Y si de México hablamos (una de las enormes pasiones del primogénito del comisario), habremos de echar la vista hacia atrás, y situarnos en la barra de un restaurante azteca, en pleno Londres del glam-rock, para comprender el estado de ánimo del «Grajo de Úbeda», que es como en el mundo taurino y cantarín se conoce al escuálido bardo, que se dejó crecer la coleta mientras bullían por su empinada cabeza historietas de putas y cantaores, maletillas y delincuentes, a quienes convertiría en protagonistas de sus futuras canciones.
Guitarra en mano, alegando la leyenda de que la Policía política española le perseguía por sus actividades antifranquistas, el viajero Sabina llega a la capital británica dispuesto a entretener al personal con las formidables creaciones de José Alfredo Jiménez. En las calles, el ambiente era más bien distinto. Miles de jóvenes aguardaban la llegada del punk, ataviados con ropa colorista y provocadora, en tanto el cuarteto sueco Abba organizaba su Waterloo y las playas de Brighton eran testigo de las batallas entre mods y rockers.
Joaquín caminaba por otros senderos, por los mismos que pisaba, a caballo claro, el jinete de Miguel Aceves Mejía, o quemaba con ansia las horas jugando al billar americano, viviendo romances pasionales, entonando valsecitos y corridos, en fin, gozando a tope ese autoexilio que algunos ingenuos tomaron por auténtica persecución política. Pero Sabina no encontró su mariachi. El joven aprendiz de macarra acera entonces su ya afilado rostro, adquiriendo el tinte de un Cristo de cualquier paso o trono de la Semana Santa andaluza. Anónimo y doliente, como su paisano Muñoz Molina, ve cómo la nicotina siembra sombras amarillas en su dentadura, y el alcohol abre la puerta por la que escupe su menosprecio e indiferencia por la dictadura del criminal Francisco Franco, ídolo del ciudadano Juan Carlos de Borbón, en tanto dispone su alejamiento de Pénjamo y el Rancho Grande, dispuesto a iniciar su carrera como cantautor comprometido.
El glam de Tyrannosaurus Rex y David Bowie no le habían servido para mucho.
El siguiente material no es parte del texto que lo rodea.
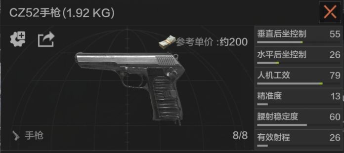 CZ52是终极测试中新增武器的一把手枪,与T54一样使用7.62x25毫米口径弹药,两者的基础属性相差无几。由于目前没有可使用的配件,CZ52是无法通过改装加瞄具,只能使用默认的机瞄。8发子弹的原厂弹匣的续航能力也很有限,通常只能用来对付一下普通游荡者,建议仅开荒使用,有更好武器后将其换下。
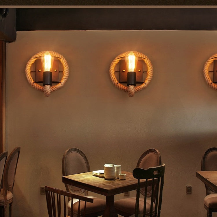 Vintage Hemp Rope Edison Light Bulb Wrought Iron Wall Lamp without Bulb(Round)
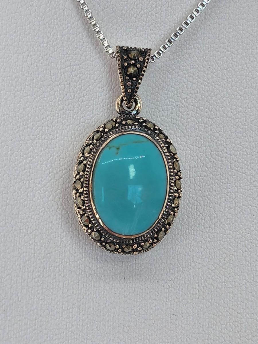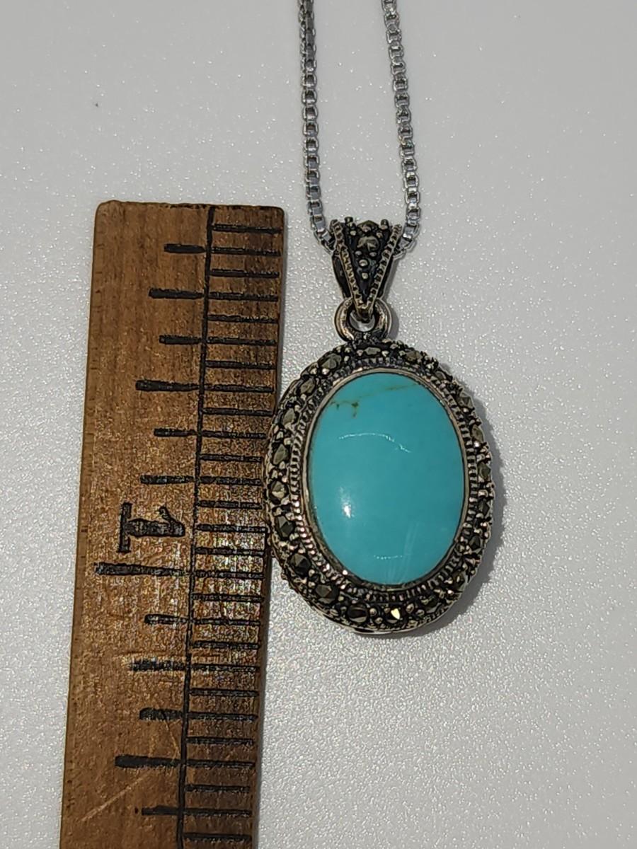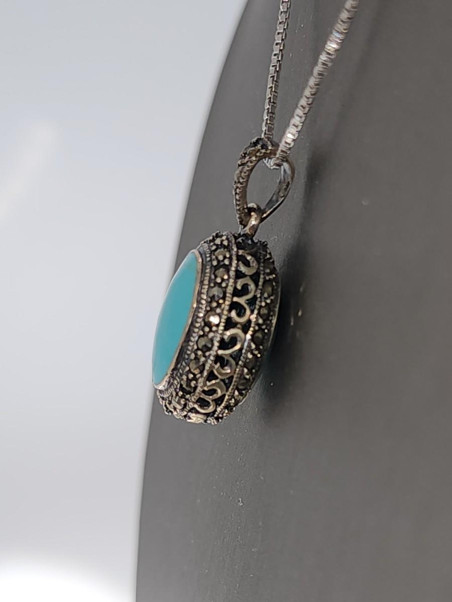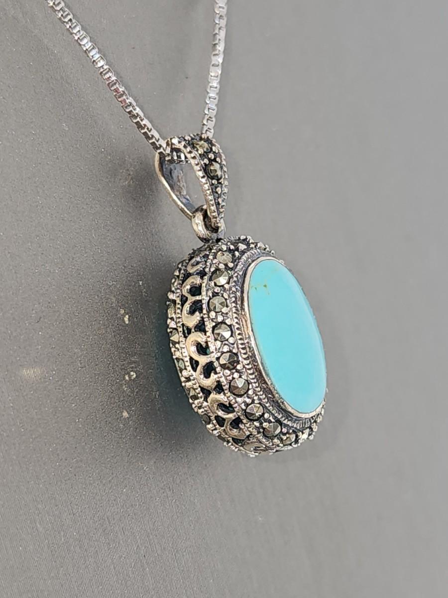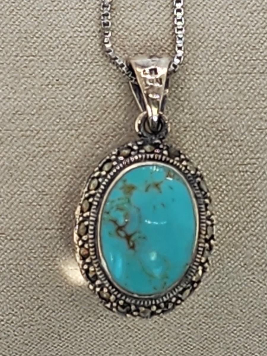 LOT 34:: Sterling Turquoise and Marcasite double sided pendant on 16" L 925 Italy chain

Nada más lejano a su reciedumbre española que esa horda de «locas» inglesas vestidos como si fuera a un carnaval veneciano. Él es de los que prefiere la sensiblería del primer Serrat antes que la carga de mala leche que se traía Lluis Llach. En su fuero interno canta por Ochaita, Valerio y Solano, Quiroga y Rafael de León, antes que por Yupanqui, Blas de Otero, Celaya o Neruda. La españolidad descubierta en esa nueva patria que camina hacia la democracia, se hace más sólida cuando se arrejunta con muchos jóvenes izquierdistas sin compromiso político, que le acogen en su seno con alborozo, unas aceitunas y un fino, por favor. Se siente así más sosegado. Huye de los ideales y las utopías. Le espantan esos morlacos. Son toros con los que prefiere no lidiar. Él es un diestro al que le pasman los naturales, o sea, los que se deben dar con la zurda.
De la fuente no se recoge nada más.